YOUR GOAL | Please write out all of the data below exactly, without including the pictures.

(DATA SEGMENT Opens)

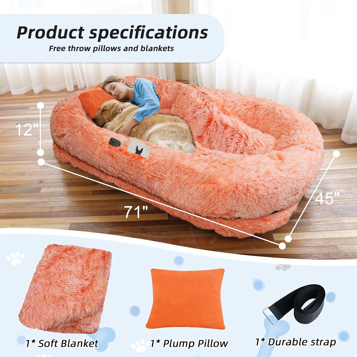 Human Dog Bed, 71''x45''x12'' Size Fits You and Pets, Washable Faux Fur Pet Bed for People Doze Off, Napping Orthopedic Dog Bed, Present Plump Pillow, Blanket, Strap - OrangeWhite
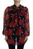 Dolce & Gabbana Black Red Sicily Bag Silk Shirt Top Blouse
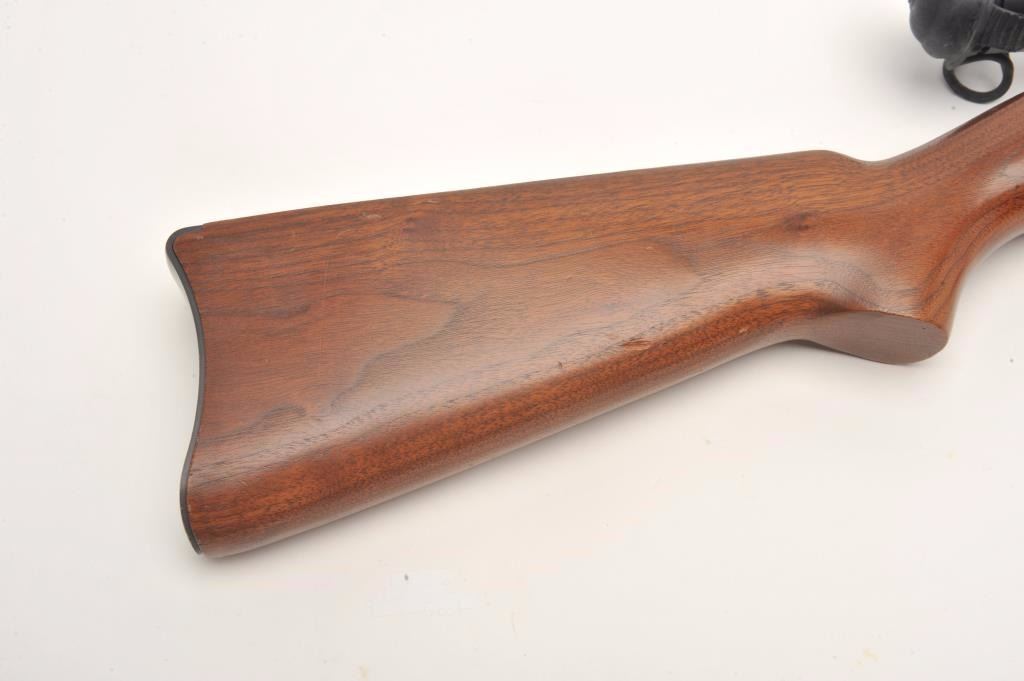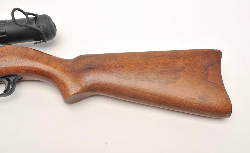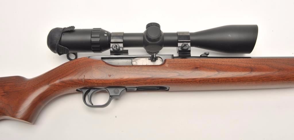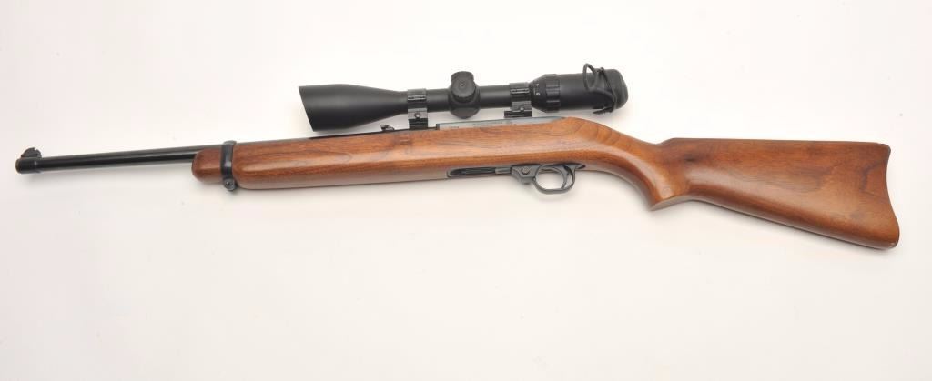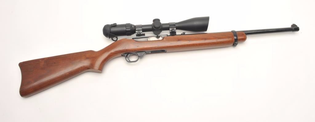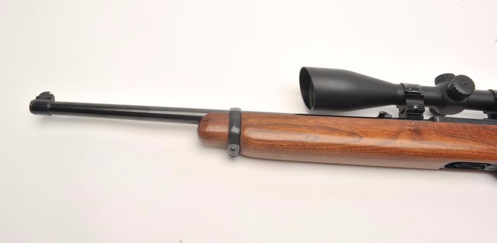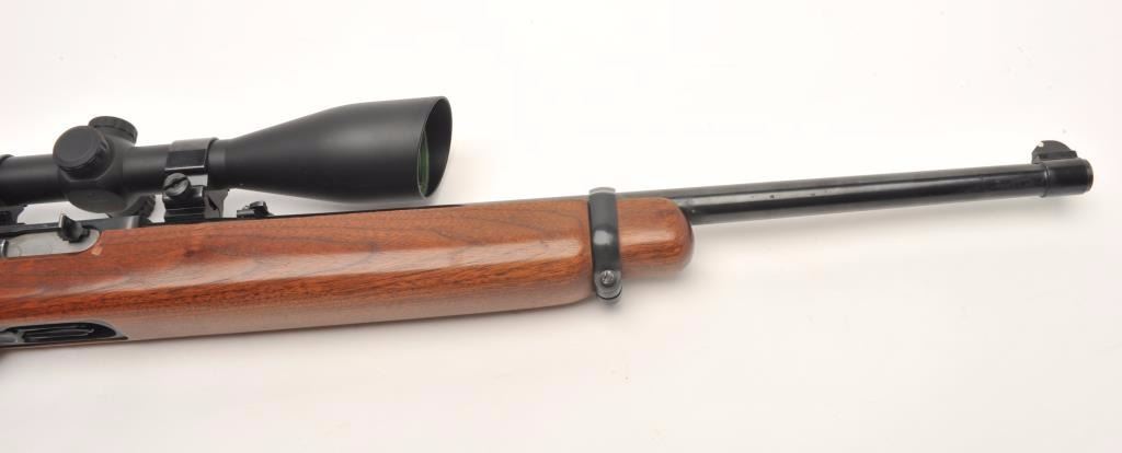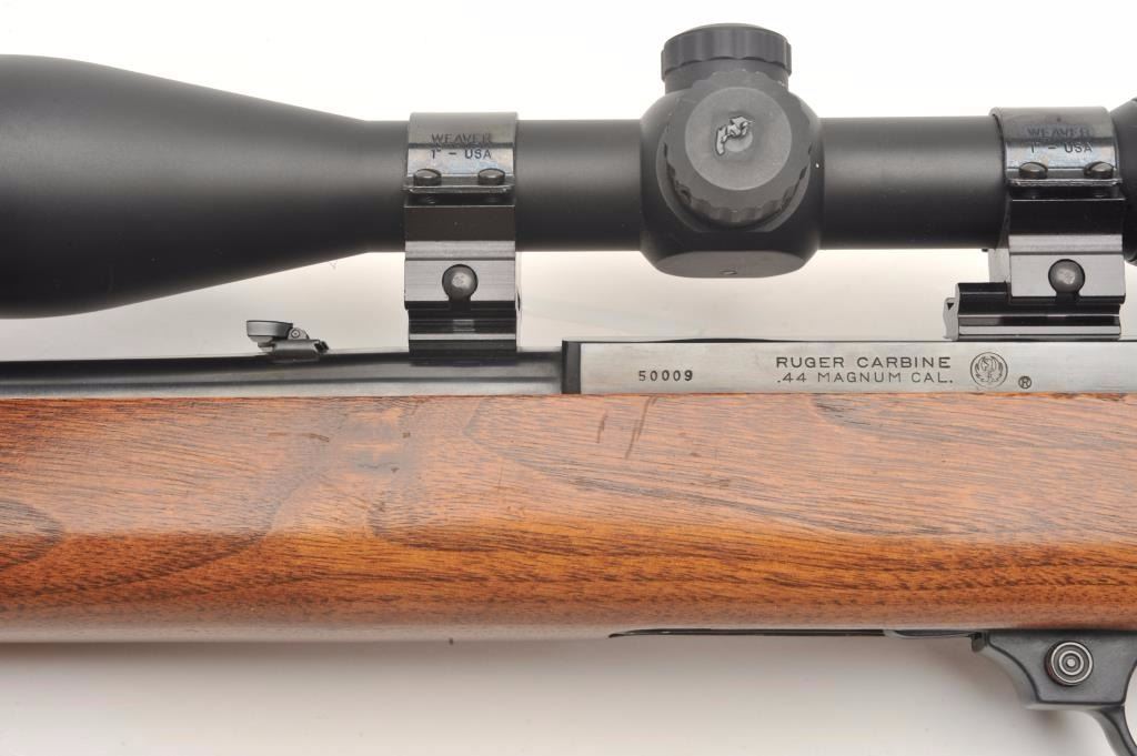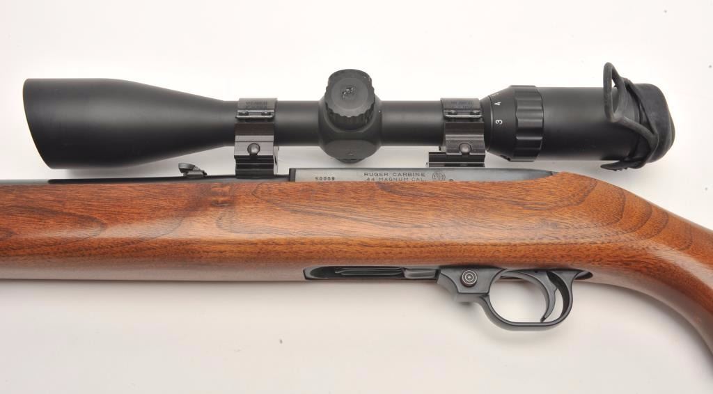 Ruger semi-automatic carbine, .44 Magnum caliber, 18.5” barrel, black finish, wood stock, S/N 50009, mounted with a Nikko Stirling Platinum 3-10x42 Nightester scope with clear optics. This carbine is inoverall very good to fine condition with a fine bore, crisp action, sharp markings and very good + stock. (Modern/PPT). Est.: $300-$600.

(DATA SEGMENT Closes)

REPLY |
 Human Dog Bed, 71''x45''x12'' Size Fits You and Pets, Washable Faux Fur Pet Bed for People Doze Off, Napping Orthopedic Dog Bed, Present Plump Pillow, Blanket, Strap - OrangeWhite
 Dolce & Gabbana Black Red Sicily Bag Silk Shirt Top Blouse
 Ruger semi-automatic carbine, .44 Magnum caliber, 18.5” barrel, black finish, wood stock, S/N 50009, mounted with a Nikko Stirling Platinum 3-10x42 Nightester scope with clear optics. This carbine is inoverall very good to fine condition with a fine bore, crisp action, sharp markings and very good + stock. (Modern/PPT). Est.: $300-$600.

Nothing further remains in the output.